ANJALEE KHEMLANI: It is, it's very low. And we also have to remember that the CDC and FDA just authorized boosters for this age group in the five to 11-year-old. So seeing that that slow uptake is also being a concern, we've heard a range of reasons from parents. Even though parents themselves might be boosted, they're concerned about the impacts of an mRNA vaccine, or, just generally, a new vaccine on their kids. And it also has to do with various different reasons, whether it ranges from disinformation to comfort level in general with the healthcare system. So there's a lot going on to unpack on why.

And this is really concerning because we know that kids do have the potential to transmit that disease, right, and to transfer the virus, even if they themselves aren't.

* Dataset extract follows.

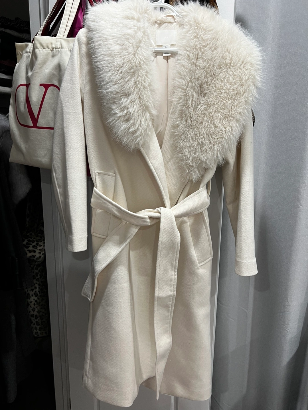 A white coat with a large faux fur collar. The coat is belted. It has long sleeves and a single button closure at the top.

And so one of the reasons, too, that we've heard is also some parents believe that kids aren't impacted as much by the virus. So there's still a lot of maybe early on mistakes or early on poor messaging about this virus that kind of seems to be transmitting through. And that's sort of where we're seeing that concern from.

JULIE HYMAN: And just really quickly, what's the timeline look like at this point when we're talking about the youngest cohort?

ANJALEE KHEMLANI: So like I mentioned, that June 8 meeting, the FDA is actually holding three separate dates on the calendar for their advisory group. June 8 is that first one. Then they also have mid-June, 21st and 22nd [INAUDIBLE]. So if they don't manage to review that data in time, it might be later on. But right now, June 8 is sort of that target date that we're looking at. We've also heard from Moderna that they are going to-- or they're readying to ship out vaccines by early June. So, really, that early June timeline is looking really promising.

JULIE HYMAN: We'll see. Thanks so much. Really appreciate.